In the entries that follow, find the line containing "casas en Champagnac-de-Belair?" and the line containing "Butelka brązowa o pojemności", then retype exactly the lines from the first through the second, pictures excluded.

(Stored records)
____

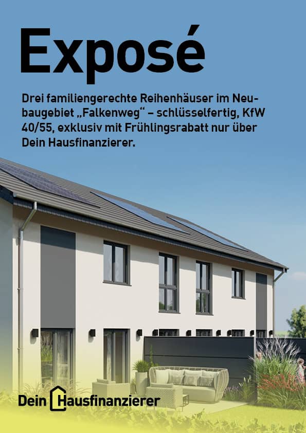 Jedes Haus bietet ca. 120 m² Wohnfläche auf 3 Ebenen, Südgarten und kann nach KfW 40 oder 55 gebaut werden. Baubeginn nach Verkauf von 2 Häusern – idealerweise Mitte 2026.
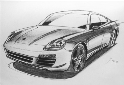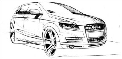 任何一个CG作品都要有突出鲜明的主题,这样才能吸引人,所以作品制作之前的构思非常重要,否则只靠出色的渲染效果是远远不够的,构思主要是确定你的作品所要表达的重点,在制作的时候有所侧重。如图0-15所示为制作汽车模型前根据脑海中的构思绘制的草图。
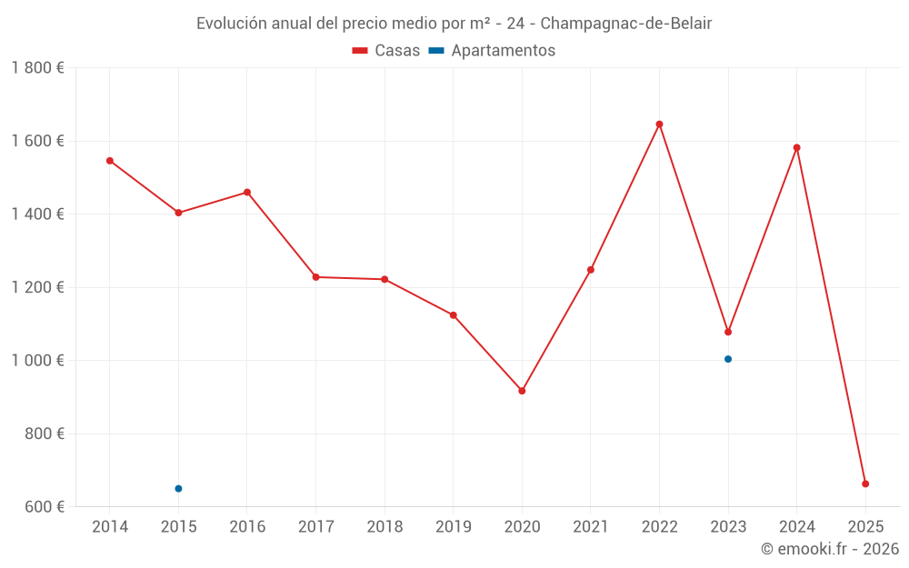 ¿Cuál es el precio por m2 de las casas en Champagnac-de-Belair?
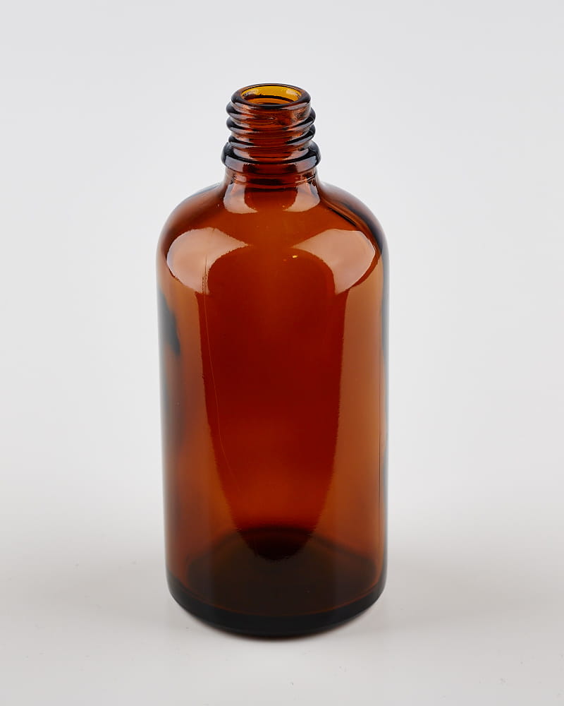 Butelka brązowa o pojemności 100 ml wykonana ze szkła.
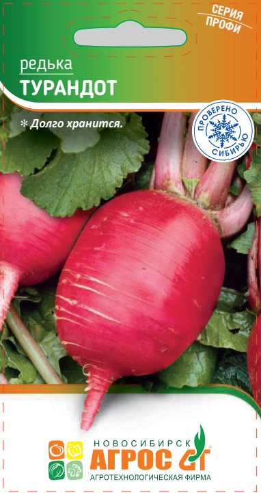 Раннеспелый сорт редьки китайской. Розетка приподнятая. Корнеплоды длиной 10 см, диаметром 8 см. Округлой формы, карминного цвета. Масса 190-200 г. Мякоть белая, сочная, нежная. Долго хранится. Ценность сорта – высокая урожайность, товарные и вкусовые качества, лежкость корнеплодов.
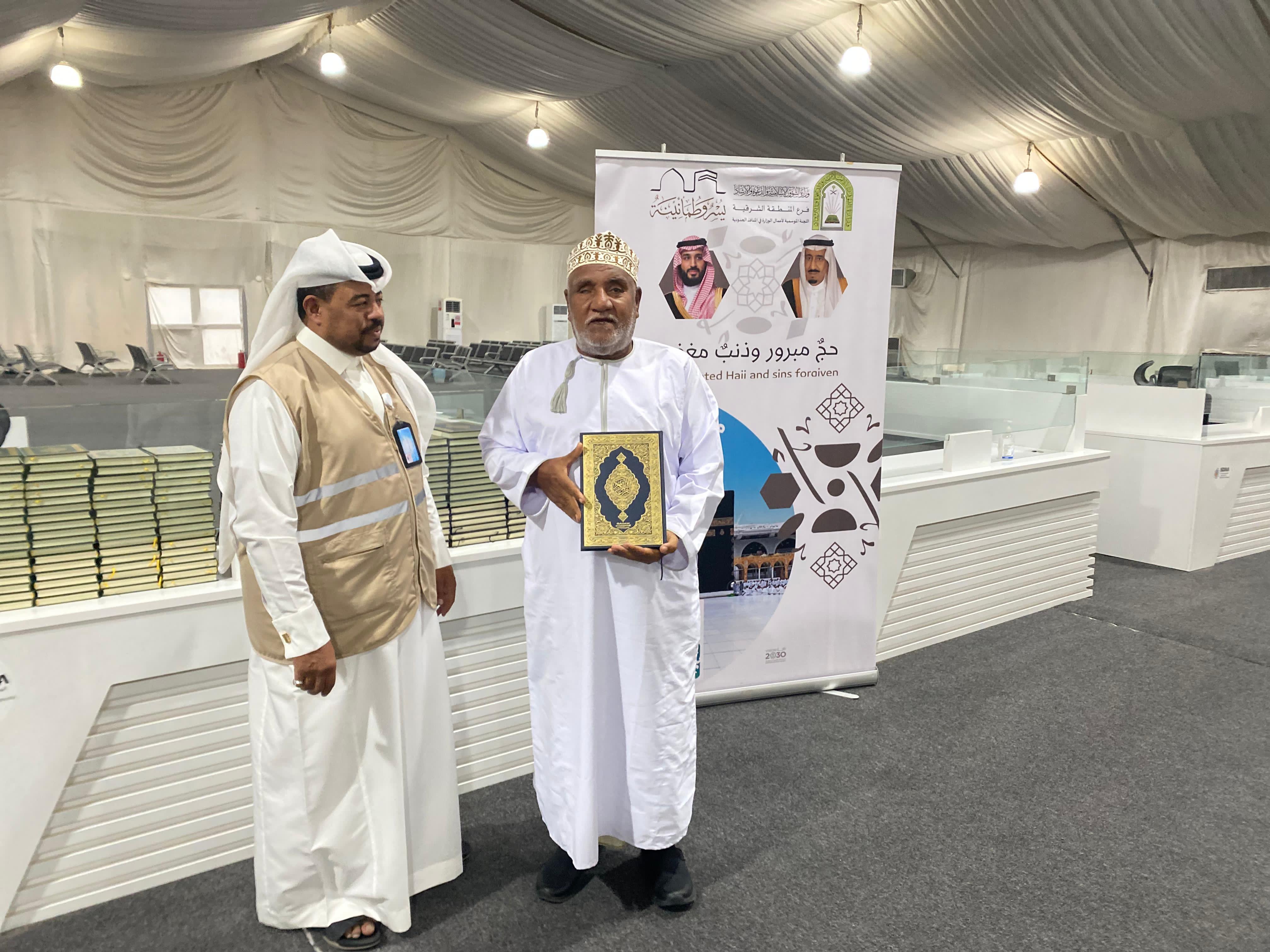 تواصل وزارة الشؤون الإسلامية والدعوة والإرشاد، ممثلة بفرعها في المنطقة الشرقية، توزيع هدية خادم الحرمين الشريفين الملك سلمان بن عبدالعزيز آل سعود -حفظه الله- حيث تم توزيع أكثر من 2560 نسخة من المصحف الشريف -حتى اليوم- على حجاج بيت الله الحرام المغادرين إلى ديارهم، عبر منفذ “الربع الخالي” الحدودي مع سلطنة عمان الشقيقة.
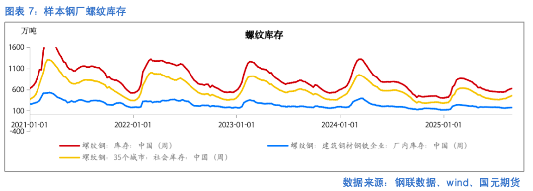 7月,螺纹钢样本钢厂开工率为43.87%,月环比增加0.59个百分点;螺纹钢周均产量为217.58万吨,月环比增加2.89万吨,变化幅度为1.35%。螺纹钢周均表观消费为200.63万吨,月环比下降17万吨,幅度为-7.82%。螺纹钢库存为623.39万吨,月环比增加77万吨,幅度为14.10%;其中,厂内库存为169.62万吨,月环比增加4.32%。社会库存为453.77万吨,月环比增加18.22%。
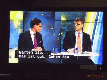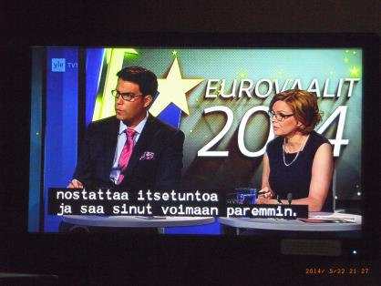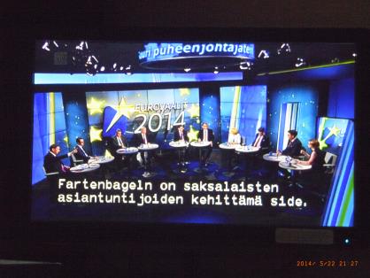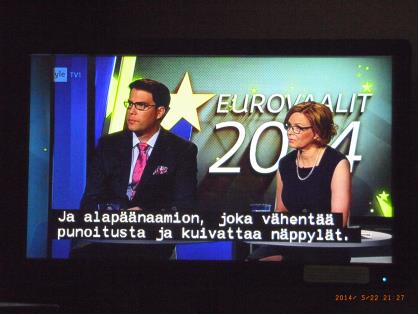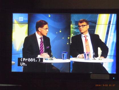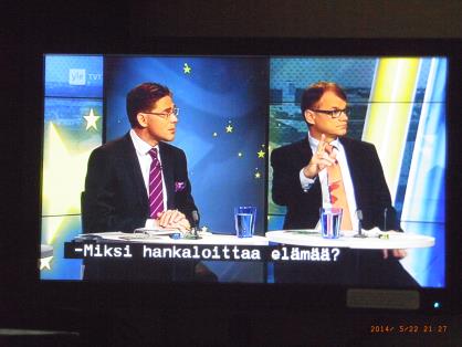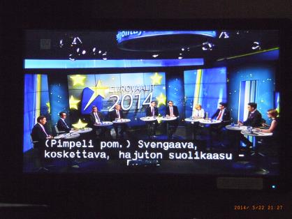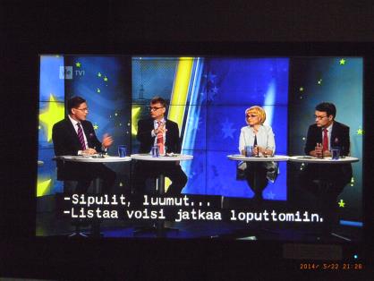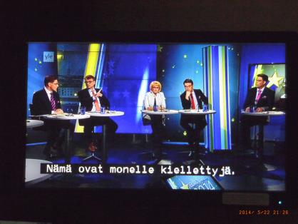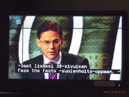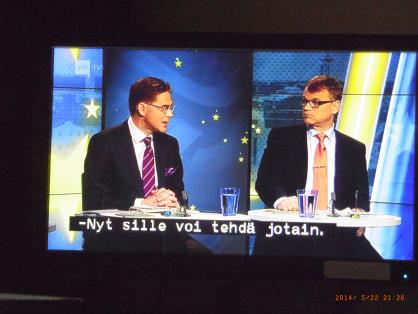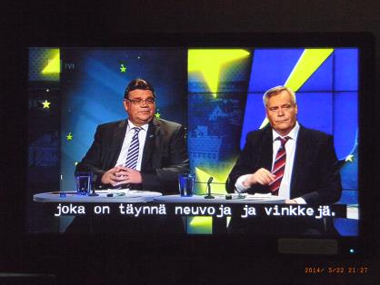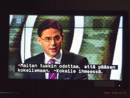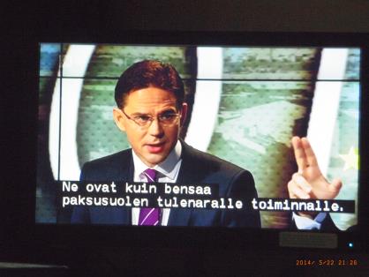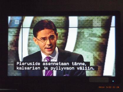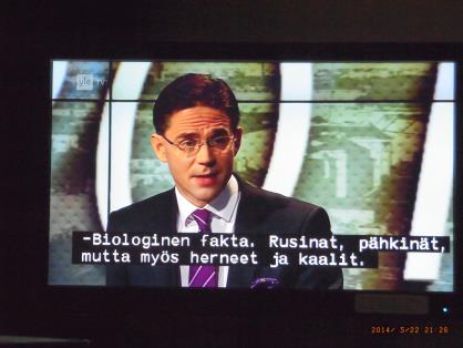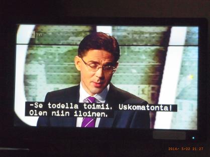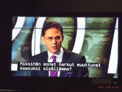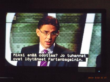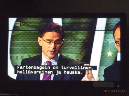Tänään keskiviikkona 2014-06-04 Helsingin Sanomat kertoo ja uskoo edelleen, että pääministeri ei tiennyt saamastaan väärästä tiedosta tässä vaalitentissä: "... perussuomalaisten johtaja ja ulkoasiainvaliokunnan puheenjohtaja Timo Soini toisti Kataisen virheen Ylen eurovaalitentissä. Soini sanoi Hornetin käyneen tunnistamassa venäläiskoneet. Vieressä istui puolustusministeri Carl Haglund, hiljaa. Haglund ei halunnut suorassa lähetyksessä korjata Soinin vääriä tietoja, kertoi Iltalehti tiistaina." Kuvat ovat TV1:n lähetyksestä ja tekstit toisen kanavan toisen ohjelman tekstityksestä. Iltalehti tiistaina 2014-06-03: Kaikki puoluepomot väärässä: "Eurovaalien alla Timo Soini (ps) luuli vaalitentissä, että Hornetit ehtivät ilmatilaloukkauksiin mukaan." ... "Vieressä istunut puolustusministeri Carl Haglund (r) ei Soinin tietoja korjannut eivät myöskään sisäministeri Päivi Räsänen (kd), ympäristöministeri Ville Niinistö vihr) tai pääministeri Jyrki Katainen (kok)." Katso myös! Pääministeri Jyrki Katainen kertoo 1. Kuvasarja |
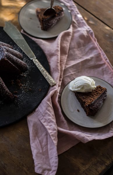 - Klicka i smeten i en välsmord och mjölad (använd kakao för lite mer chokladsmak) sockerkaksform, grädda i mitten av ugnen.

____

## WORKED SOLUTION:
 ¿Cuál es el precio por m2 de las casas en Champagnac-de-Belair?
 Butelka brązowa o pojemności 100 ml wykonana ze szkła.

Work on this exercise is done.